Screen Shot 2015-07-07 at 3.34.42 PMNear the end of “Amy,” the heartbreaking doc on the life and career of singer Amy Winehouse, Tony Bennett says, “Life teaches you how to live it if you live long enough.” Dead at age 27, Winehouse never mastered the art of living a life as director Asif Kapadia carefully recounts in this heartbreaking film.

Home movies reveal Amy Winehouse to be a precocious teenager. Charismatic and a bit of a show off, she also possessed a sultry voice that was old and wise beyond the singer’s years. On her song writing one record executive said she had the lyrical and melodic quality of a very old soul in an 18-year-old body. Using music as a remedy for her gripping depression, she wrote personal songs that laid her life bare. Critical success came quickly and along with it comparisons to Billy Holiday, Dinah Washington and Sarah Vaughan.

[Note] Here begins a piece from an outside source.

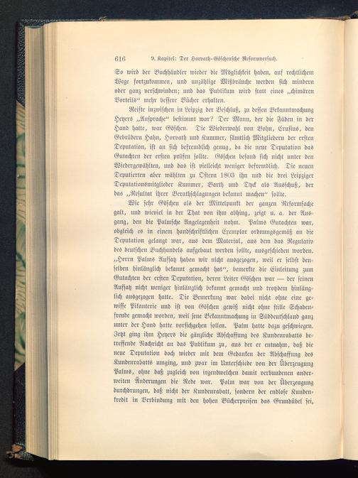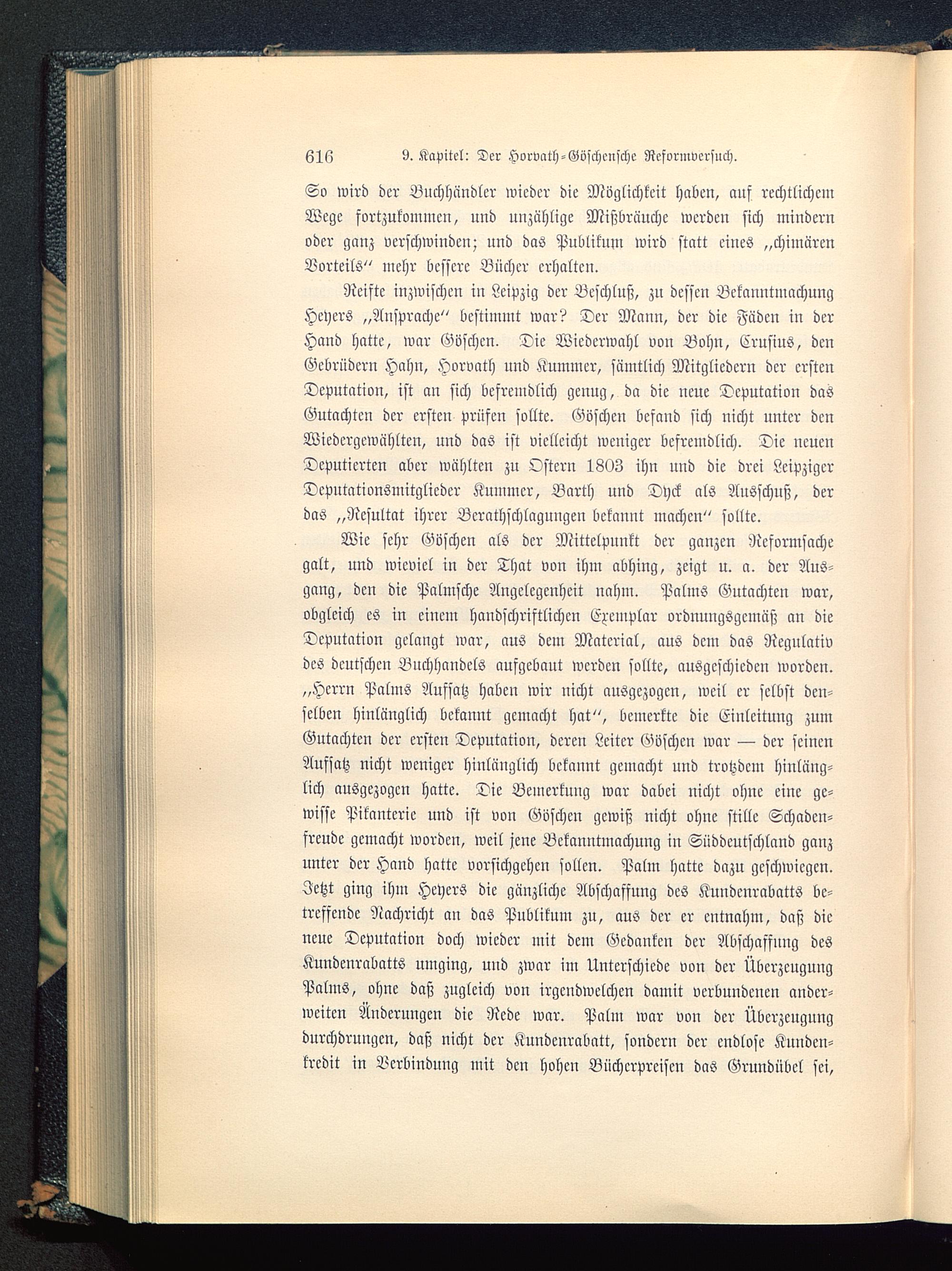 Wie sehr Göschen als der Mittelpunkt der ganzen Rcformsachegalt, und wieviel in der That von ihm abhing, zeigt u. a. der Aus-gang, den die Palmsche Angelegenheit nahm. Palms Gutachten war,obgleich es in einem handschriftlichen Exemplar ordnungsgemäß an dieDeputation gelangt war, aus dem Material, aus dem das Regulativdes deutschen Buchhandels aufgebaut werden sollte, ausgeschieden worden.„Herrn Palms Aufsatz haben wir nicht ausgezogen, weil er selbst den-selben hinlänglich bekannt gemacht hat", bemerkte die Einleitung zumGutachten der ersten Deputation, deren Leiter Göschen war — der seinenAufsatz nicht weniger hinlänglich bekannt gemacht und trotzdem hinläng-lich ausgezogen hatte. Die Bemerkung war dabei uicht ohne eine ge-wisse Pikantcrie und ist von Göschen gewiß nicht ohne stille Schaden-freude gemacht worden, weil jene Bekanntmachung in Süddcutschlano ganznnter der Hand hatte vorsichgchcn sollen. Palm hatte dazu geschwiegen.Jetzt ging ihm Heyers die gänzliche Abschaffung des Kundcnrabatts be-treffende Nachricht an das Publikum zu, aus der er entnahm, daß dieneue Deputation doch wieder mit dem Gedanken der Abschaffung desKundcnrabatts umging, und zwar im Unterschiede von der ÜberzeugungPalms, ohne daß zugleich von irgendwelchen damit verbundenen ander-weiten Änderungen die Rede war. Palm war von der Überzeugungdurchdrungen, daß nicht der Kundenrabatt, sondern der endlose Kuuden-tredit in Verbindung mit den hohen Büchcrprciscn das Grundnbcl sei,

After the release of her first album Frank, a bad break up threw her into a spiral of alcohol abuse. Refusing to go to rehab—allegedly on the advice of her father—gave her a huge hit—“They tried to make me go to rehab but I said, ‘No, no, no.’”—and a career as a headliner but may also have been the last chance to get right before the world got hold of her.

When fame arrived–“I don’t think I could handle it [fame],” she said. “I’d go mad.”—it was a tsunami of adulation, sold out concerts, drugs, booze and destructive relationships.

“Amy” plays on a few levels. It’s a cautionary tale of the effects of international stardom. It’s a portrait of drug addiction and it’s the story of an exploited artist caught up in whirlwind of commitments and contracts. (It must be noted that Winehouse’s father Mitch strongly disagrees with the way the film portrays both him and the final years of Amy’s life.) It’s an account of a woman who looked to men for protection, and chose badly. It’s the story of Amy, a fiercely talented person who laid her heart bare in her art only to have the thing that should have been her saviour, her music, ultimately be her undoing.

Whether you were a fan or not, the documentary is a heartbreaking journey from her early days in North London, curvy and full-of-life, to stumbling, blank-faced around a stage in Belgrade, emaciated and strung out. Kapadia has assembled most of the key players to tell the story but also, very effectively, uses Winehouse’s autobiographical lyrics to fill in the blanks.

“Amy” is a lot of things, but mostly it’s a portrait of a vulnerable woman who didn’t live long enough to learn how to live.